Hello and welcome to the Monday, March 3rd, 2025
edition of the SANS and at Storm Center's Stormcast. My
name is Johannes Ulrich and today I'm recording from
Baltimore, Maryland. Well, let's start today with some
stories about AI training data. The first one here comes
from Truffle Security. Truffle Security, of course, is the
company behind Truffle Hawk, the very frequently used and
well-respected tool that allows you to identify API
keys and other secrets that you may leak in Git or other
repositories and such. So Truffle Security took a big
database of AI training data that's being offered by Common
Crawl. Common Crawl is going out and spidering the web for
many years now. They have something like 400 terabytes
of data that they are offering. And well, it
shouldn't really be a surprise because it's the same thing
that we had with Google and other web spiders that offer
them the data publicly, that it now becomes, well, probably
straightforward to find things like API keys that people
leaked on their websites. A little bit tricky here that
this data is also historic data. I believe they're doing
this for the last 10 years or such. So it is not just
current data. Now, sites like Google, they offer some
historic data, but usually focus more on current data.
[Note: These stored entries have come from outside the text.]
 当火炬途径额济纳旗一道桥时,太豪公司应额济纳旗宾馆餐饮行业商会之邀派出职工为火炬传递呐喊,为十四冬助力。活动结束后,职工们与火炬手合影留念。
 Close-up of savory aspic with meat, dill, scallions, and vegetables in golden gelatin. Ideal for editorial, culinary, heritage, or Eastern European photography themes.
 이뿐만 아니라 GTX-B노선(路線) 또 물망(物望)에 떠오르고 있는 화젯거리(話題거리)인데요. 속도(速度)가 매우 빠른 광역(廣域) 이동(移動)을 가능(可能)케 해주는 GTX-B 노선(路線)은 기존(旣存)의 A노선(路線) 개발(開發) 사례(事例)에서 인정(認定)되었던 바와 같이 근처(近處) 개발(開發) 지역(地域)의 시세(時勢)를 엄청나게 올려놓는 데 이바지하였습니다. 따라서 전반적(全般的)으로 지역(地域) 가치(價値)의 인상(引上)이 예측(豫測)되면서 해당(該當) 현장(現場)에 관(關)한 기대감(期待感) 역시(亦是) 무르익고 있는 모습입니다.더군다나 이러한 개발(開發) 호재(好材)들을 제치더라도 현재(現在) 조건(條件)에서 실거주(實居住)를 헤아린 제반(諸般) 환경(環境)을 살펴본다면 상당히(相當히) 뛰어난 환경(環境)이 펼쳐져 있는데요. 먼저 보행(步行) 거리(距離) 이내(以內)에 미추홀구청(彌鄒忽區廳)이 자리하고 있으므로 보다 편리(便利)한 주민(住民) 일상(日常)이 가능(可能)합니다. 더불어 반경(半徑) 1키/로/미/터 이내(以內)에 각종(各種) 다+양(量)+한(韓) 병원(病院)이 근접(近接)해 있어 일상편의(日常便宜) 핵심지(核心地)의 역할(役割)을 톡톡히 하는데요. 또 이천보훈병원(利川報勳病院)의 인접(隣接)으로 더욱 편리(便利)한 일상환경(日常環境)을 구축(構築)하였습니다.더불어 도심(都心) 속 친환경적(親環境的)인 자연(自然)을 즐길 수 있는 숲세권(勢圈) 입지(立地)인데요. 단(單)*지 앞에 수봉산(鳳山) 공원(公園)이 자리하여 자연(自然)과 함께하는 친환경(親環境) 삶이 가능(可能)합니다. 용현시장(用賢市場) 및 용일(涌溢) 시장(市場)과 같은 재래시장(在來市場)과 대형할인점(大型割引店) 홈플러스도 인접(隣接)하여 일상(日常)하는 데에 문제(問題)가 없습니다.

They found, again, 12,000 what Truffle Security considers
live keys, which means that they work according to Truffle
Hawk. Truffle Hawk has a little sort of test feature
that allows you to make sure that these are not just simple
sample or expired credentials that are being used here. They
point out in their paper that this number of roughly 12,000
secrets is, of course, just an estimate. There are some that
they missed just because they were formatted not correctly.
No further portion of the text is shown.